В 1966 г. Зайцев в своих заметках вновь обращается к личности Ло Гатто. Поводом послужил перевод на французский язык 5-го итальянского издания его «Истории русской литературы». Зайцев расценивает это так: «Теперь огромная панорама русского творчества дана на мировом языке» (9,421). По Зайцеву, никакого сравнения не выдерживают литературоведческие труды, выходящие в современной советской России: если советские ученые «замучили нас указательным перстом, навязчивостью и желанием вдолбить», то «свободная книга свободного писателя» лишена предвзятости: обо всех Ло Гатто говорит «тоном сочувственного историка». Не только монументальность, но и еще важнейшее качество: труд итальянца внутренне проникнут любовью к России (9, 422).

Тема взаимопостижения культур звучит и в рецензии-эссе «Новые книги Муратова», где Зайцев высказывается по поводу выхода в свет книг П. П. Муратова «Византийская живопись» и «Фра Беато Анджелико».

П. П. Муратов был одним из близких друзей Зайцева, его единомышленником, столь же страстно преданным Италии. Друзья осуществили немало проектов: в 1918 г. организовали (вместе с Ходасевичем и Осоргиным) Книжную лавку писателей, основали Общество итальянских исследований (Studio Italiano), участвовали в деятельности Комитета помощи голодающим, в 1921 г. были арестованы вместе с другими членами Комитета. В 1922 г. оба оказались за границей (в Германии), в 1923 г. встречались в Риме; в 1927 г. Муратов переехал в Париж.

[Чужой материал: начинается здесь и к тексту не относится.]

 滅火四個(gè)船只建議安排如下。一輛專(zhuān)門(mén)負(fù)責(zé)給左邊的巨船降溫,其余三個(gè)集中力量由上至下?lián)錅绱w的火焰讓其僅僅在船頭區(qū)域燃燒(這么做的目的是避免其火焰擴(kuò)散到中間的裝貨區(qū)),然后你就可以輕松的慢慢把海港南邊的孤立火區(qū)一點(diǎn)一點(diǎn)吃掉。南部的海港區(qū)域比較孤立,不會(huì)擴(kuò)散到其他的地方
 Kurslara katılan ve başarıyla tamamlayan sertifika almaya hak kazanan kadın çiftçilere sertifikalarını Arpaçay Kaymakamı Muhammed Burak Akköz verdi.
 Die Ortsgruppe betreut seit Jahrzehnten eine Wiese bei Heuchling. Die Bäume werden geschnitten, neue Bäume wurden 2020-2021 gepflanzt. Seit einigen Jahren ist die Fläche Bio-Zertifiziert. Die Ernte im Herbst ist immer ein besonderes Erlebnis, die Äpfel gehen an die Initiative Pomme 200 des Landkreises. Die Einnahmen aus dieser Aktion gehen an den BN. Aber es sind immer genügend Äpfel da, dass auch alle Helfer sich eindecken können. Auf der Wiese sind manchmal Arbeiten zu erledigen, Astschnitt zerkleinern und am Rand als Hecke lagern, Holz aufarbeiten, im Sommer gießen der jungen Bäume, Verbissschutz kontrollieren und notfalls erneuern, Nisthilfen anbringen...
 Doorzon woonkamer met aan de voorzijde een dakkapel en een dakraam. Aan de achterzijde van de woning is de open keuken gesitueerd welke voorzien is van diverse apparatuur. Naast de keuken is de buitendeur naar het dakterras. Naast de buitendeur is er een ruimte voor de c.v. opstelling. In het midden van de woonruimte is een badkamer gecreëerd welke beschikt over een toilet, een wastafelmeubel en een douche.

Близкие дружеские отношения связывали их и здесь: так, 10 марта 1932 г. состоялся бал Союза дворян Московской и Херсонской губерний, в жюри по присуждению призов вошли Зайцев и Муратов.

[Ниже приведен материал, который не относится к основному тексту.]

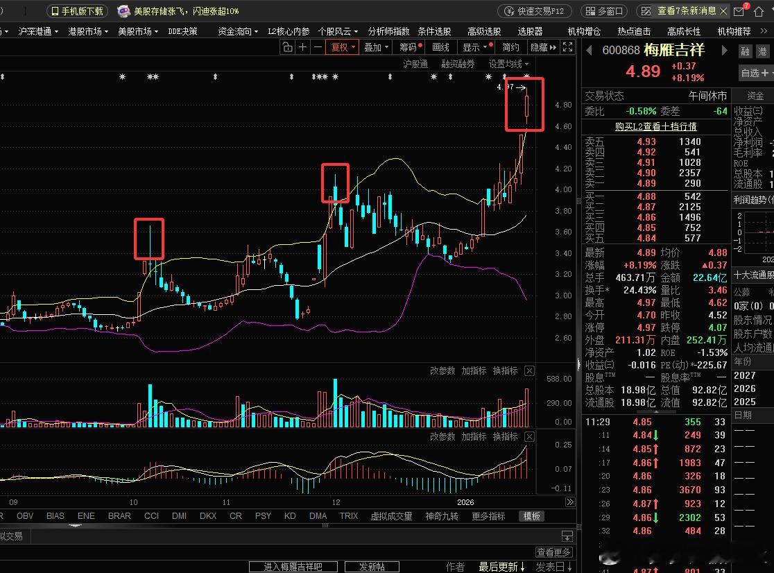 梅雁吉祥,这个市场为什么有那么多的人迷恋打板,最根本的原因就是普通人没有做空的机会。梅雁吉祥,这样的短期突然拉升的垃圾股,在大幅上穿布林线上轨,且放出巨量的票,你在4.9附近去做空9成都是赚钱的。欢迎加入我们的免费交流群股票财经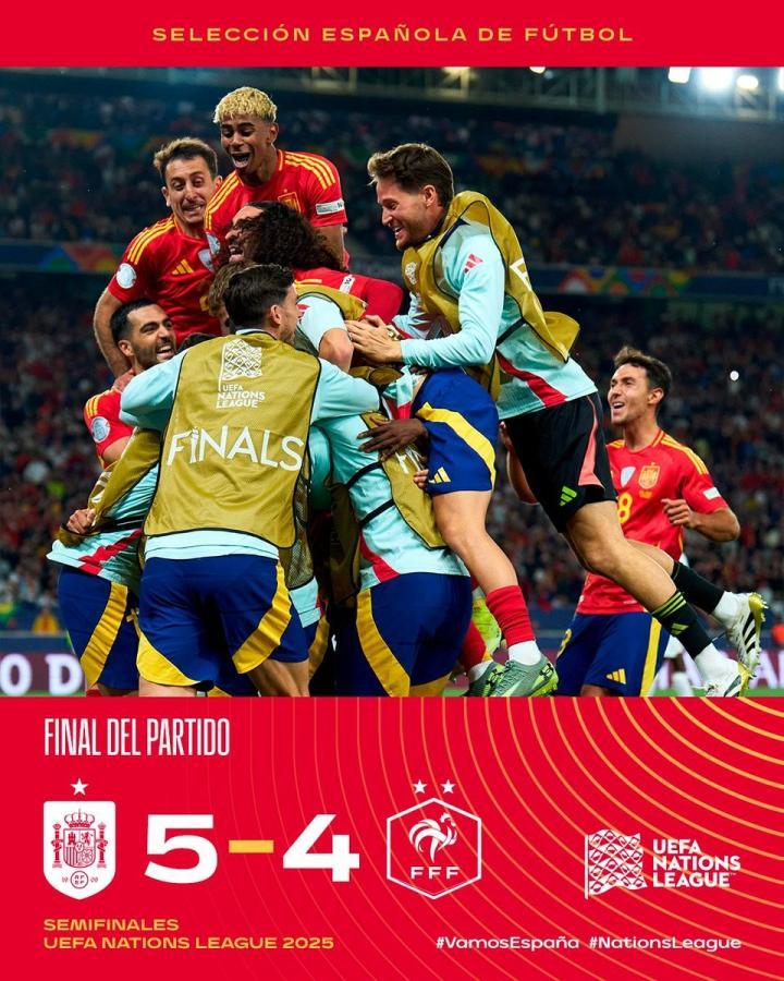 此役对阵法国队,西班牙队曾一度取得5-1领先,但随后连丢三球,最终以5-4的比分取胜,晋级欧国联决赛,将与葡萄牙队争夺冠军。
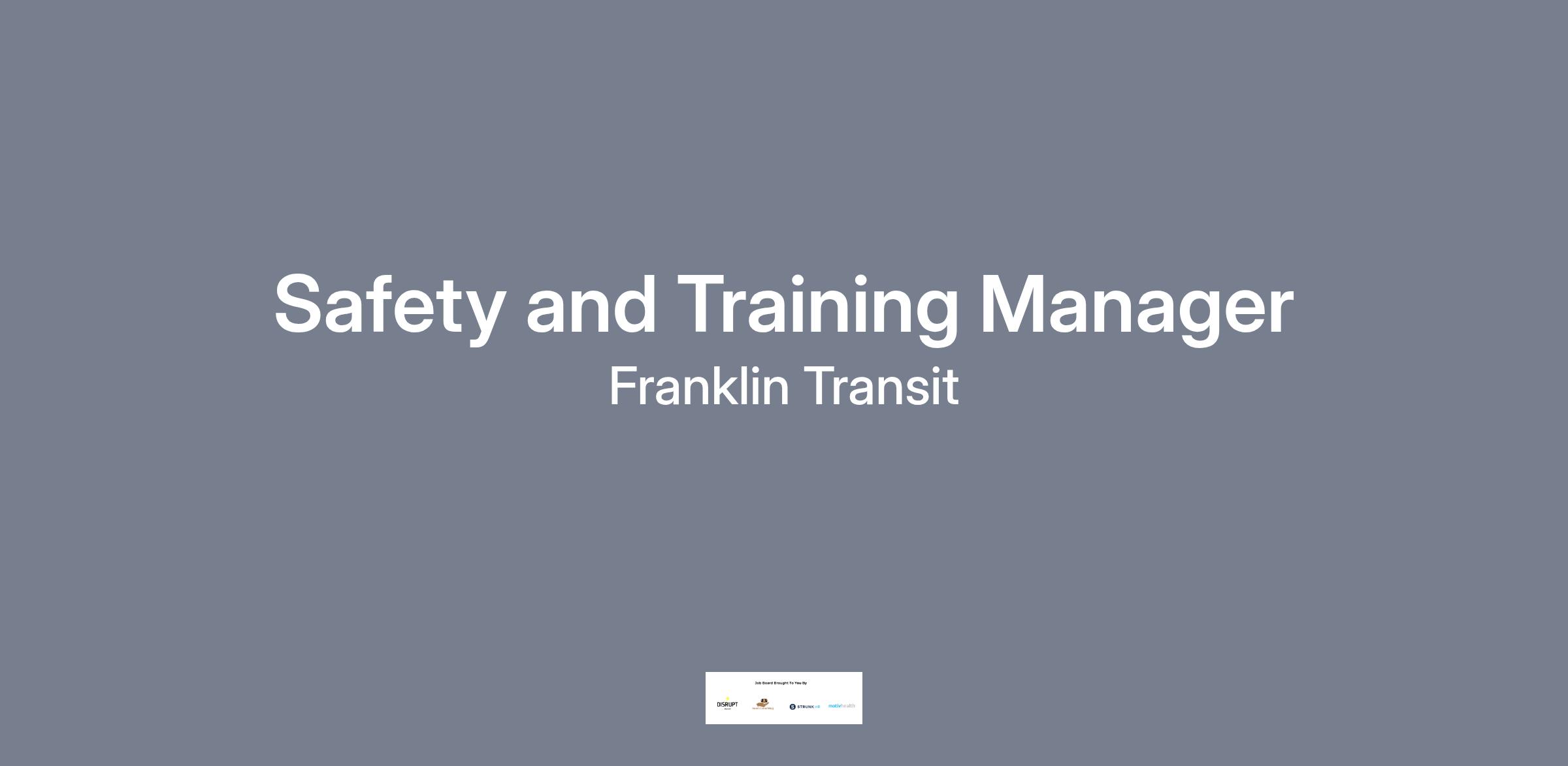 FRANKLIN TRANSIT MANAGEMENT, INC. JOB DESCRIPTION: Safety and Training Manager
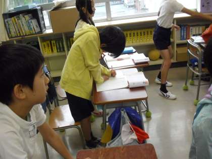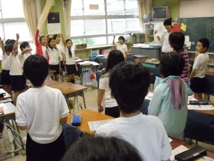朝の会が終わり・・・“運動会の歌”・・・・紅白応援歌を練習・・・紅白に分かれて大きな声で気持ちを込めて歌っていました。

Муратов – постоянный герой мемуарной прозы Зайцева, его литературно-критических заметок и рецензий. Его облик естественно связывается прежде всего с темой Италии. Вспоминая о том, какое значение имела Италия для русских писателей-италофилов, Зайцев размышлял: «Мы любили свет, красоту, поэзию и простоту этой страны, детскость ее народа, ее великую и благостную роль в культуре. То, что давала она и в искусстве, и в поэзии, означало, что „есть“ высший мир. Чрез Италию шло откровение творчества» (9, 233). Уже в конце пути Зайцев так опишет их увлечение Италией: «Италия же еще была от интеллигенции широкой в стороне, интересовала меня, жену мою да Муратова („Образы Италии“). Запад влиял через Париж, как и полагается „мировому светочу“. <…> Надо сказать правду: в этом мы с Муратовым пробивали некую брешь – в провинциализме» (9, 473).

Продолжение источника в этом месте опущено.